KOMİSYON KONUŞMASI

ALPAY ANTMEN (Mersin) - Şimdi, evet Sayın Başkan, esas problem burada aslında Yargıtayın usul ve esasa uygun yerel mahkeme kararının onanmasına ilişkin bütün kararlar, aslında Anayasa'nın mahkeme kararının gerekçeli olması hükmüne açıkça aykırıdır. İnsan Hakları Mahkemesinin de böyle iki satırlık kararlarla Yargıtay veya istinafın kararlarının hak ihlali olmadığı sonucunu doğuracak bir karar vermesi de çok akla, mantığa ve hukuka uygun görülmemekte.

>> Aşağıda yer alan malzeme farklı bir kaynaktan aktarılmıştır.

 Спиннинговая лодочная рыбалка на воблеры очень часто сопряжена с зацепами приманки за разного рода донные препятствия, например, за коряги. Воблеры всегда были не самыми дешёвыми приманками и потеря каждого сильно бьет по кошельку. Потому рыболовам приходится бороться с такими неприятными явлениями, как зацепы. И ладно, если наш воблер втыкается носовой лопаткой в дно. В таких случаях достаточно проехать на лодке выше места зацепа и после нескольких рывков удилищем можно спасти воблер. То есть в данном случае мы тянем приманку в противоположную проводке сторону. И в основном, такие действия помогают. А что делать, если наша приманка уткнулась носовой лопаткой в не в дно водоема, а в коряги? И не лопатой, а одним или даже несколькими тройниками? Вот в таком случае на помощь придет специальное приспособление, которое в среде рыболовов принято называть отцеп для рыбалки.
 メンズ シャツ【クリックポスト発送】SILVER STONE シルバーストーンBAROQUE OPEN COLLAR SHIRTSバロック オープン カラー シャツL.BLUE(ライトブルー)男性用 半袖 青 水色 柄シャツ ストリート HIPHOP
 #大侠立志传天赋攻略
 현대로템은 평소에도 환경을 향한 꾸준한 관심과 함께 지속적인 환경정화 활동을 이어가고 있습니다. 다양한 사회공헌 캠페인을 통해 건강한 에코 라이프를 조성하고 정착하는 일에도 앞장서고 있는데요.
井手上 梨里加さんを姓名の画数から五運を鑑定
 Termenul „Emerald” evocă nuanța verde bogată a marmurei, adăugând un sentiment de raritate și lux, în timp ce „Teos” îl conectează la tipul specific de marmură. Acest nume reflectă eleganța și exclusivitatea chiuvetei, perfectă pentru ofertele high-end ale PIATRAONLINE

Şimdi, Yargıtayın aslında esas görevi içtihat yaratmak, kanunları yorumlayarak hukuk yaratmak. İstinaf da kendine Yargıtayı örnek alıyorsa -çünkü istinaf Yargıtay değil- kendini küçük Yargıtay gibi görüp ondan sonra da "Ben de onun gibi onama kararı..." derse -çünkü "Yerel mahkeme kararlarına karşı istinaf sebeplerimi reddettiği zaman onu onamış oluyorum." derse- o zaman biz istinaf ile Yargıtayın ayrımını ortadan kaldırmış olacağız. Esas zaten problem burada.

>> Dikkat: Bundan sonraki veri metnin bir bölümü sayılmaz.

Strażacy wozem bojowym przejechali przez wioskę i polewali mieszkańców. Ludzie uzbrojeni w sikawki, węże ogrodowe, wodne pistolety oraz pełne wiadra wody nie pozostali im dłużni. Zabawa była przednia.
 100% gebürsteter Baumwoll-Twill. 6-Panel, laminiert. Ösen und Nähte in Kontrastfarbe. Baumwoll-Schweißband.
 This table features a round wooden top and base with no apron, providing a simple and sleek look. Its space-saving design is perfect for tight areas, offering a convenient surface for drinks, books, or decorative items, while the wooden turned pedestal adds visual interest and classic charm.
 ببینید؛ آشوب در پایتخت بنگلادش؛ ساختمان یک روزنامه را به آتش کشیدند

Küçük bir örnek vereyim: Kıbrıs Yüksek Mahkemesinde her bir kararı -orası için belki "Küçük bir ülke." diyeceksiniz ama- tek tek elle ve sayfalarca yazarak birer içtihat olarak yayınlıyorlar. Kıbrıs, Çubuk kadar yer ama hukukun 1 kişi için de 1 milyon kişi için de aynı olması gerekiyor. Özellikle Yargıtayın onama kararlarının da gerekçeli olması lazım. Neden onuyorsun? "Şu yasanın şu maddesine göre..." veya "Şuna göre..." demesi lazım. Bizim Türk hukukundaki en büyük sıkıntılarımızdan biri, Yargıtaydaki iş yükünün aşırı artması, bölge adliye mahkemelerinin şimdiden bile tıkanması. İşte, belki de bugün görüştüğümüz tedbirler yargıyı hızlandıracak diyoruz ama bunlar da palyatif tedbirler, bunların daha alt sebeplerine inilip çözülmesi gerekiyor. O da tabii, siyasi iktidarın görevi.

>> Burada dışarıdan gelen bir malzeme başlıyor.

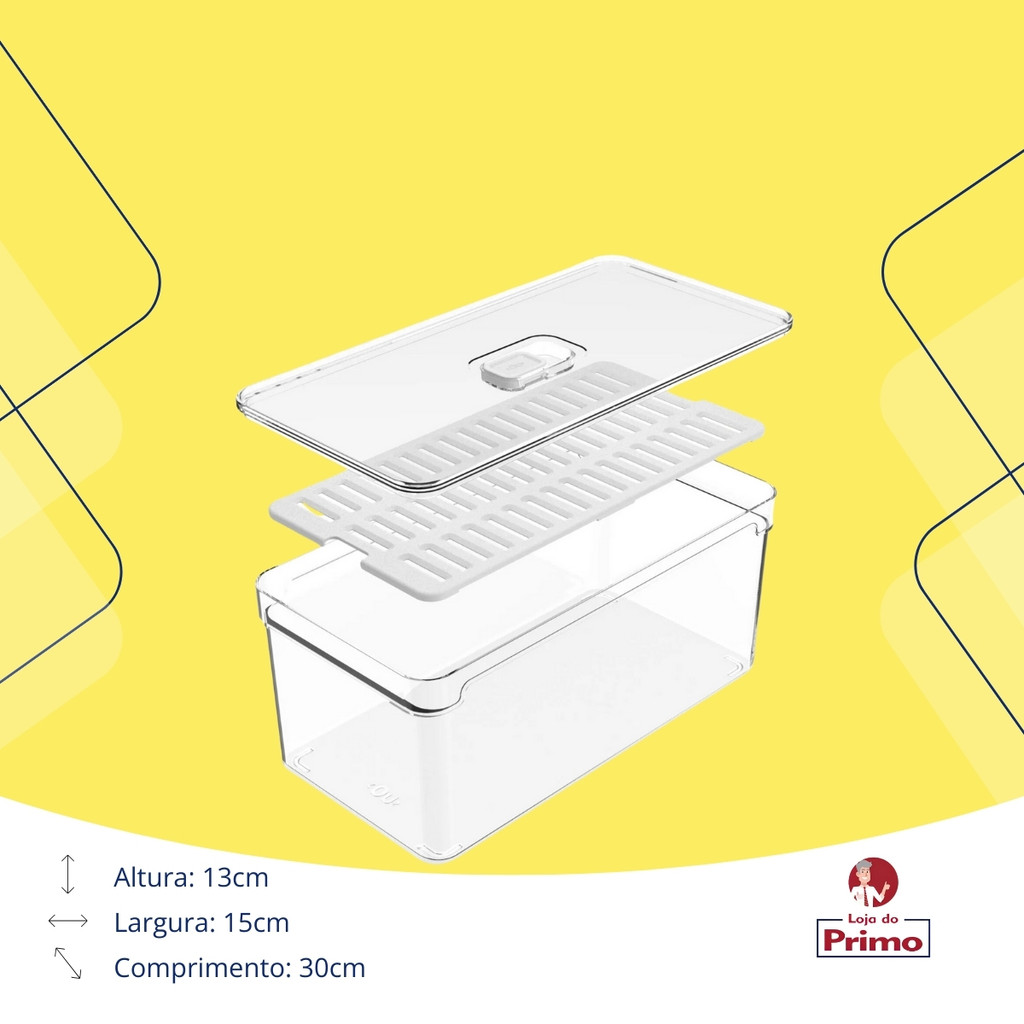 Organizador de Geladeira em Acrílico com Tampa - 5 Litros | Clear Fresh OU Mantenha sua geladeira sempre organizada e seus alimentos bem armazenados com o Organizador Clear Fresh OU. Com um design transparente e moderno, ele permite a visualização rápida dos itens armazenados, garantindo mais praticidade no dia a dia. Sua tampa protetora evita contaminações e odores indesejados, além de possibilitar o empilhamento para melhor aproveitamento do espaço. Características Principais: ✅ Capacidade de 5 litros – Ideal para armazenar frutas, verduras, frios, laticínios e outros alimentos. ✅ Tampa protetora – Mantém os alimentos protegidos contra umidade, odores e contaminações. ✅ Material resistente e durável – Produzido em PS (Poliestireno) e PP (Polipropileno), garantindo alta durabilidade e facilidade na limpeza. ✅ Design transparente – Facilita a visualização dos alimentos sem precisar abrir o organizador. ✅ Formato Empilhável – Permite o melhor aproveitamento do espaço dentro da geladeira. Dimensões do Produto: 📏 Altura: 13 cm 📏 Largura: 15 cm 📏 Profundidade: 30 cm ⚖ Peso: 473 g Benefícios: ✔ Organização eficiente, evitando bagunça na geladeira. ✔ Fácil de higienizar, proporcionando mais praticidade no dia a dia. ✔ Mantém os alimentos protegidos e conservados por mais tempo. ✔ Versátil: pode ser utilizado também em despensas e armários. Conteúdo da Embalagem: 1 Organizador de geladeira com tampa (5L) 📌 Dica de Uso: Utilize diferentes organizadores para separar tipos de alimentos, como frutas, frios e vegetais, garantindo uma refrigeração mais eficiente e higiênica. 💡 Transforme sua cozinha com mais praticidade e organização!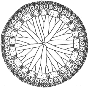 Cyclocystoids are one of the rarest of Cincinnati's echinoderms. They are characterized by a ring of heavy plates that have small bumps around the outside and a middle portion that has radial lines. Unfortunately they are small (about the size of a penny) and delicate. Typically all one finds preserved is the ring of plates.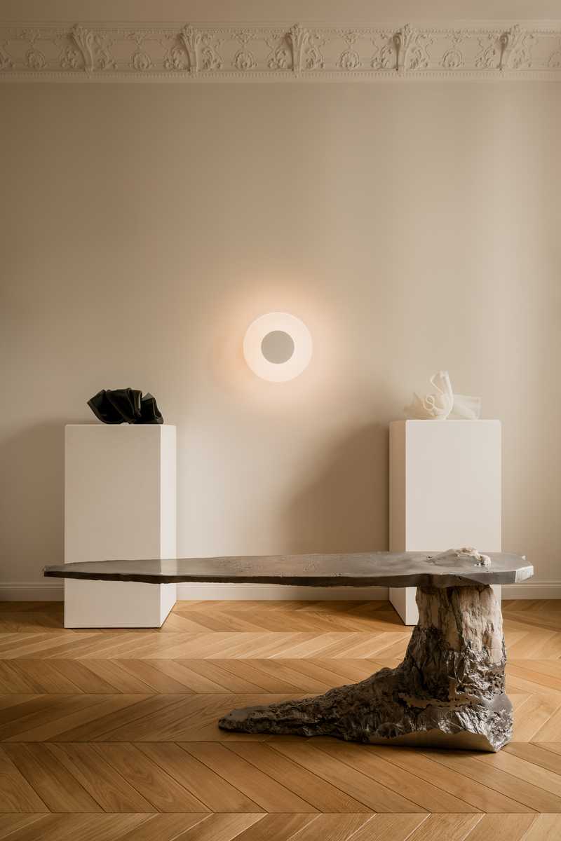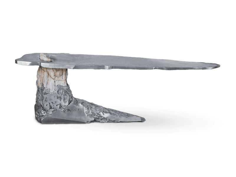 Tore is an object where the boundary between the natural and the crafted blurs. A marble monolith merges into an aluminum mass, reminiscent of rock formations shaped by nature. Only the geometric accents on the surface reveal the artist's hand. Tore tells a story of the artists' fascination with the rawness and absolute beauty of nature. The sculptural quality of Tore is evident in its intricate design and the harmonious blending of materials, creating a unique piece that stands out in any setting. This fusion of organic and geometric elements highlights the originality of the work, making it not just a sculpture, but a statement of artistic vision and craftsmanship.

Teşekkür ederim Sayın Başkan.

ANKARA BÖLGE ADLİYE MAHKEMESİ 21. HUKUK DAİRESİ BAŞKANI YUSUF ŞAHİN - Sayın Başkanım, bir cümleyle cevap vermek istiyorum.

OTURUM BAŞKANI GÜLAY SAMANCI - Tabii, buyurun.

ANKARA BÖLGE ADLİYE MAHKEMESİ 21. HUKUK DAİRESİ BAŞKANI YUSUF ŞAHİN - Bölge adliye mahkemesine "Yargıtay" veya "Küçük Yargıtay" gibi bir tanıma katılmıyorum. Biz derece mahkemesiyiz, hüküm mahkemesiyiz; içtihat mahkemesi değiliz. Farkımız da şu: Gerekçeyi mutlaka yazacağız zaten, istinaf sebeplerinin neden karşılanmadığını...

ALPAY ANTMEN (Mersin) - O zaman buna ne gerek var?

ANKARA BÖLGE ADLİYE MAHKEMESİ 21. HUKUK DAİRESİ BAŞKANI YUSUF ŞAHİN - Bu ilk derece mahkemesinin özetini yapacağız, şimdi tamamını yazıyoruz.

ALPAY ANTMEN (Mersin) - "İlk derece mahkemesi kararı özetlenmez." deriz, biter.

ANKARA BÖLGE ADLİYE MAHKEMESİ 21. HUKUK DAİRESİ BAŞKANI YUSUF ŞAHİN - Hayır, diyemiyoruz işte, şu andaki metin -359- 1a'dan başlıyor "Hepsini yaz." diyor. Bu eğer şeyse, tamam, kaldırmasa. Şimdi esastan ret kararı vereceksek ilk derece mahkemesinin yazdıklarını bir daha yazmamızın bir anlamı yok.

ALPAY ANTMEN (Mersin) - İşte onu diyorum ben de, onu yazalım o zaman, hükmü düzeltelim.

ANKARA BÖLGE ADLİYE MAHKEMESİ 21. HUKUK DAİRESİ BAŞKANI YUSUF ŞAHİN - Yani biz burada kamuoyunun gerekçesiz karar eleştirisini karşıladık, istinaf sebeplerini mutlaka karşılayacağız.

Saygılar.

ALPAY ANTMEN (Mersin) - Altı ay sonra, bir yıl sonra istinaf dairelerinde iptaller gelecek "İlk derece mahkemesi kararı usul ve yasaya uygun olduğundan istinaf taleplerinin reddine" diye. İstediğiniz bahse girerim. Bu hüküm buna yol açacak.

ANKARA BÖLGE ADLİYE MAHKEMESİ 21. HUKUK DAİRESİ BAŞKANI YUSUF ŞAHİN - Biz bugüne kadar yapmadık.